Furthermore, the virus does not inevitably develop resistance to antiretroviral drugs because the lower concentration of drugs in the sanctuary sites is not sufficient to confer a competitive advantage upon drug-resistant strains. The investigators constructed a mathematical model to explain how the virus evolves during ART without the emergence of highly drug-resistant strains. According to their calculations, drug-sensitive HIV strains tend to dominate over drug-resistant strains when the effective drug concentration is low. At intermediate drug concentrations, drug-resistant strains start to dominate, and at high concentrations, HIV cannot grow.
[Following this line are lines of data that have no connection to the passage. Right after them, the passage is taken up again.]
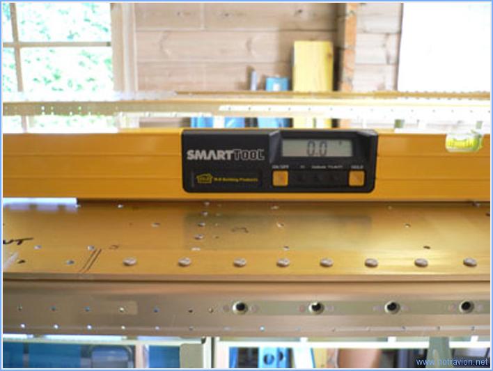 The two assemblies are now clamped to the jig. First I had to make the center support to avoid the 1/2 inch sag of the assembly. To verify that the par is not sagging anymore, you just put a fishning line through the outermost holes of the spar and verify that the line is in the middle of all the holes. The the twist of the wing is verified with two plumb bobs tied to the main spar and then measuring the distance between the string and the rear spar. Once the distance is the same inboard and outboard, the rear spar is clamped down. And here all is clamped down. Then I verified the assembly was horizontal in all directions. Those electronic tools being very precise are sometimes a real pain, the difference between 0° and 0,1° being sometimes impossible to make out by the naked eye. And to finish a fit test of the leading edge and the skins, for the time being all seems to fall into position. Working time on this subpart Today : 3h (Total : 20h) |
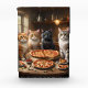 Pictured Are Four Cats Sitting Around A Table With A Pizza Ready To Eat.
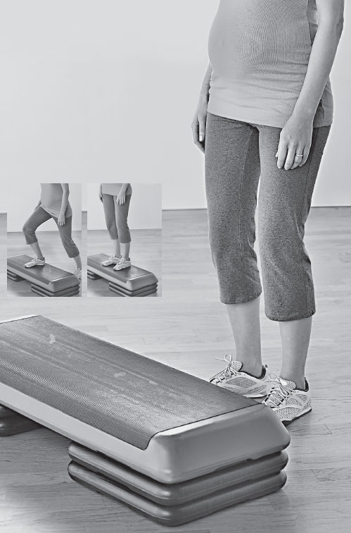 1. Держа спину прямо, осторожно шагните на невысокую скамеечку и остановитесь
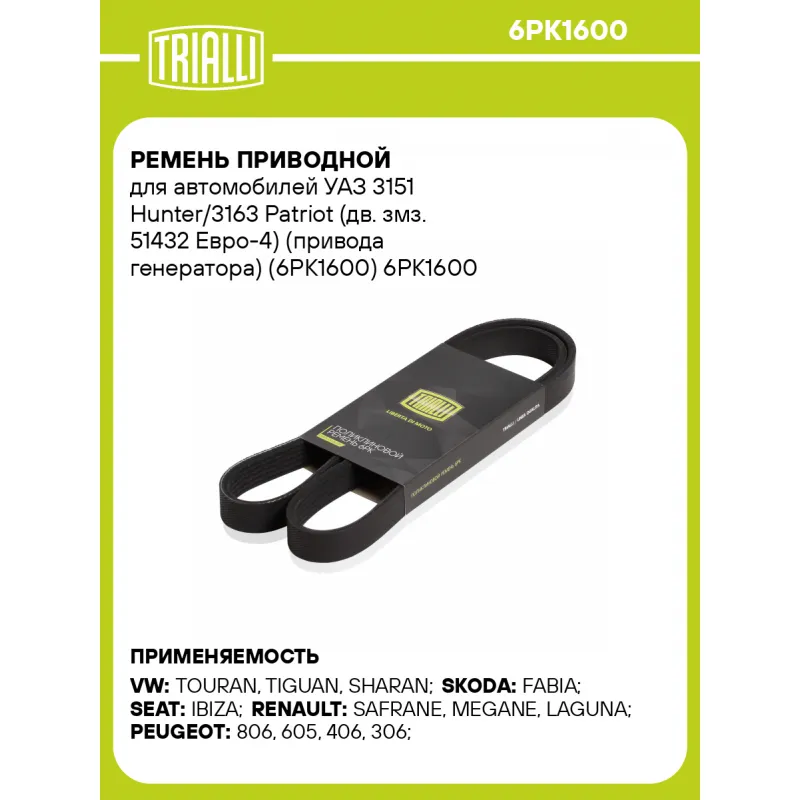 Ремень приводной для автомобилей УАЗ 3151 Hunter/3163 Patriot (дв. змз. 51432 Евро-4) (привода генератора) (6PK1600) Характеристики: Артикул: 6PK1600 OEM номера: 04792070AB, 04892173AA, 5080313AB, A6649970092, 8980100450, 149971892, A0149971892, 0149971892, 6340673, 6340668, 1340683, 98010045, 5750 R7, 9632391980, 96294079, 9629407980, 9630034080, 96300342, 9632600080, 9652391980, 132162600, 25212 2JTA0, 047903137AC, 05080313AB, 03C903137A, 03L 903 137 A, 3682687, 10166330, 51432-1308020, 980100450, 97324297 Количество на автомобиль: 1 Длина, мм.: 1600 Количество ребер: 6 Материал: EPDM Товарная линейка: BLACK Комплектация: Ремень поликлиновой - 1 шт Гарантия: от 1 года.
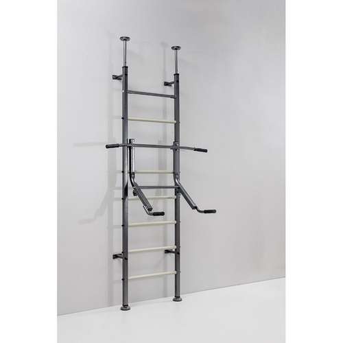 В комплекте есть четыре кронштейна, которые фиксируют тренажер к стене, а также несколько распорных штоков с анкерными болтами, чтобы можно было зафиксировать его между потолком и полом.
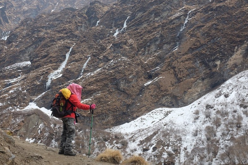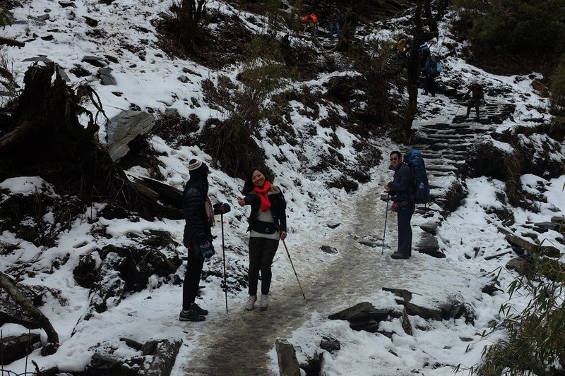 长长的下山路在树荫中穿行,积雪无阳光照射,不易融化,经人群踩踏,变得坚硬湿滑。在上面站立都不易,走路更是踉踉跄跄。我天生平衡有问题,逾加狼狈。最后无法行走,干脆坐在雪地上,双手支撑着往下挪,惹得同路的几个越南妹仔忍俊不住,纷纷站在旁边与我合影,我坐在雪地上,强挤笑脸,做剪刀手,以保持中国大叔那点可怜的尊严。飘却与一个帅哥向导谈得火热,帅哥向导告诉我们,以我们的状况,今天到Chhomrong是不可能的,天黑前走到Chuile也还得加快速度。
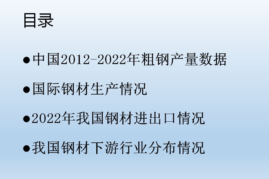 •我國現階段已經初步實現城鎮(zhèn)化的建設,隨著房地產需求的下滑,我們普通鋼材很難有一個大的增量,但是我國的特殊鋼材還有很大的發(fā)展空間。結合國家鋼材發(fā)展現狀,我們也慢慢的理解公司制定“高端、國有、人無我有”政策的現實依據,希望大家能出通過了解行業(yè)發(fā)展的方向,明確目標,開發(fā)客戶,更好的規(guī)劃自己的銷售,取得好的業(yè)績。

These findings explain the failure of treatment intensification to fully suppress de novo infection and highlight issues surrounding the barriers to delivering antiretroviral drugs at clinically effective concentrations in the infectious viral reservoir (the lymphoid tissue compartment).

This study provides a new perspective on the persistence of HIV-1 in the body, showing a different type of "sanctuary," harboring cells with low levels of HIV replication that move into the blood. These results also reveal how dynamic and spatial processes act together to permit HIV-1 to persist within the infected host and avoid development of resistance despite antiretroviral therapy.

Achieving optimal cellular pharmacokinetics and spatial distribution of antiretroviral drugs in lymphoid tissue to fully suppress viral replication and preserve immune function would be a prerequisite to the elimination of the viral reservoir and ultimately a step towards a cure for HIV-1 infection.